§ WHAT TO WORK ON
Would you copy the records below, exactly and only from their first line through the line containing "种苗不见土,番茄空中挂,升降", without any pictures?

Records from a data source:
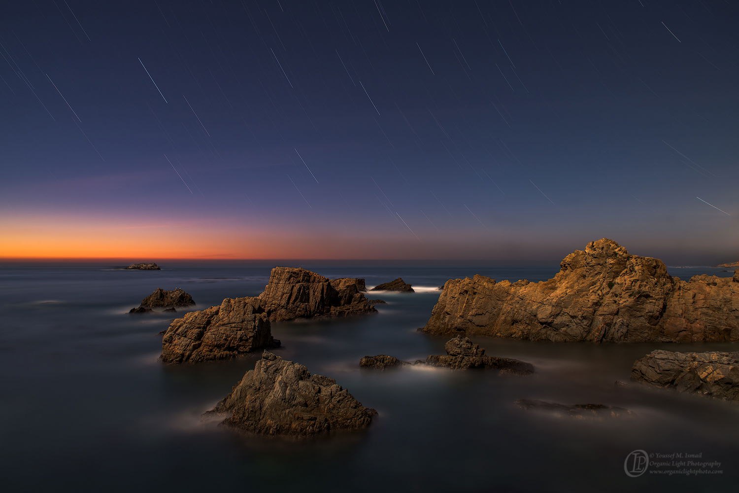 This was taken in pretty much the same location as the Blue Lemmon Aide photo from last month. but I scrambled down the cliff to get closer to the water. I intended to photograph the rocks after the sun had gone down and I wanted to capture the streaking stars this time rather than the stars themselves. So I opted for my wide angle lens at 24 mm. It was started about 40 minutes after sunset and was a single 20 minute exposure. I was unsure about running such a long single exposure, as when digital cameras first came out long exposures like this were terribly noisy but I guess the newer sensors have that figured out. The afterglow of sunset comes through on the horizon and I think it also affected the light coming from the moon as that was the main light on the scene and gave a very warm glow. I made another photo later in the night when the afterglow vanished and its a much colder color balance. I’ll post that other photo later.
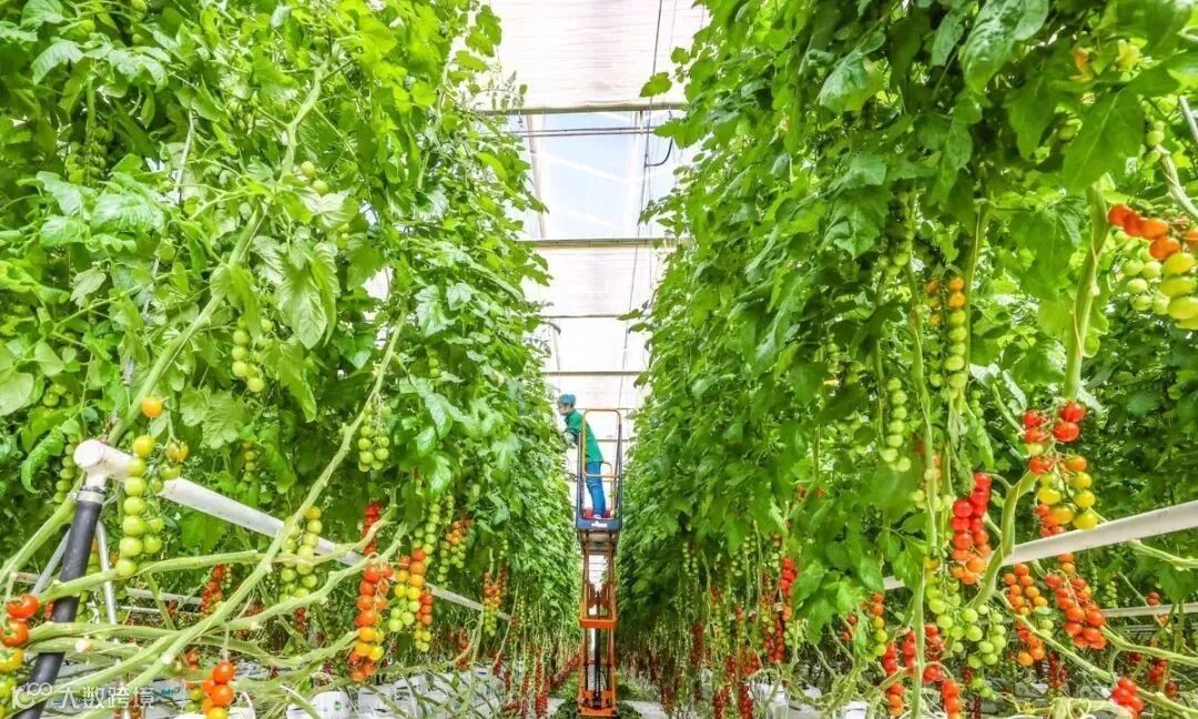 种苗不见土,番茄空中挂,升降车、打叶车有序穿梭,管线、传感线与藤苗交织……连栋温室里,春意在寒冬涌现。从靠天吃饭到知天而作再到造势而为,科技助力现代农业生机盎然。
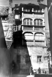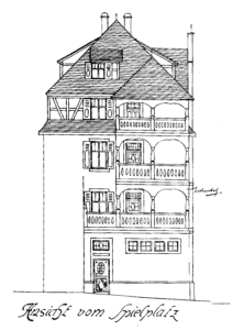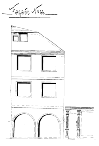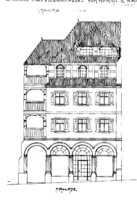 • 1752 (billet d’estimation traduit) La maison comprend à côté de l’entrée la boutique et le bureau, au premier étage un poêle, cuisine et vestibule, au deuxième étage deux chambres, au-dessus le comble à double couverture de tuiles plates, une cave en partie voûtée en partie solivée, un puits et une petite cour, item un petit bâtiment arrière comprenant plusieurs petites chambres, comble à double couverture de tuiles plates, le tout estimé avec appartenances et dépendances à la somme de 1000 florins
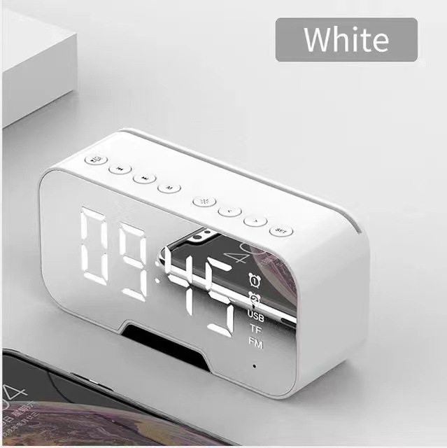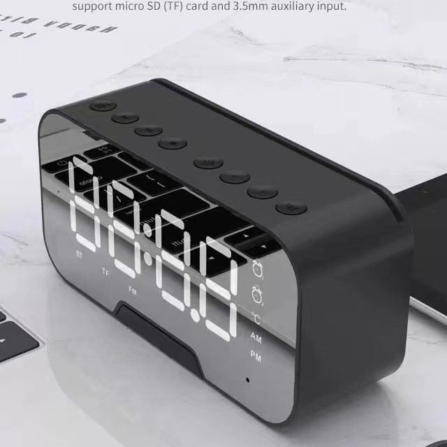 2022工厂直供闹钟蓝牙音箱收音机带手机支架插卡便携镜面小音响
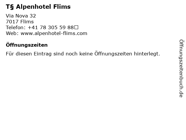 | Öffnungszeiten T§ Alpenhotel Flims in Flims anzeigen | |

§ REPLY
 This was taken in pretty much the same location as the Blue Lemmon Aide photo from last month. but I scrambled down the cliff to get closer to the water. I intended to photograph the rocks after the sun had gone down and I wanted to capture the streaking stars this time rather than the stars themselves. So I opted for my wide angle lens at 24 mm. It was started about 40 minutes after sunset and was a single 20 minute exposure. I was unsure about running such a long single exposure, as when digital cameras first came out long exposures like this were terribly noisy but I guess the newer sensors have that figured out. The afterglow of sunset comes through on the horizon and I think it also affected the light coming from the moon as that was the main light on the scene and gave a very warm glow. I made another photo later in the night when the afterglow vanished and its a much colder color balance. I’ll post that other photo later.
 种苗不见土,番茄空中挂,升降车、打叶车有序穿梭,管线、传感线与藤苗交织……连栋温室里,春意在寒冬涌现。从靠天吃饭到知天而作再到造势而为,科技助力现代农业生机盎然。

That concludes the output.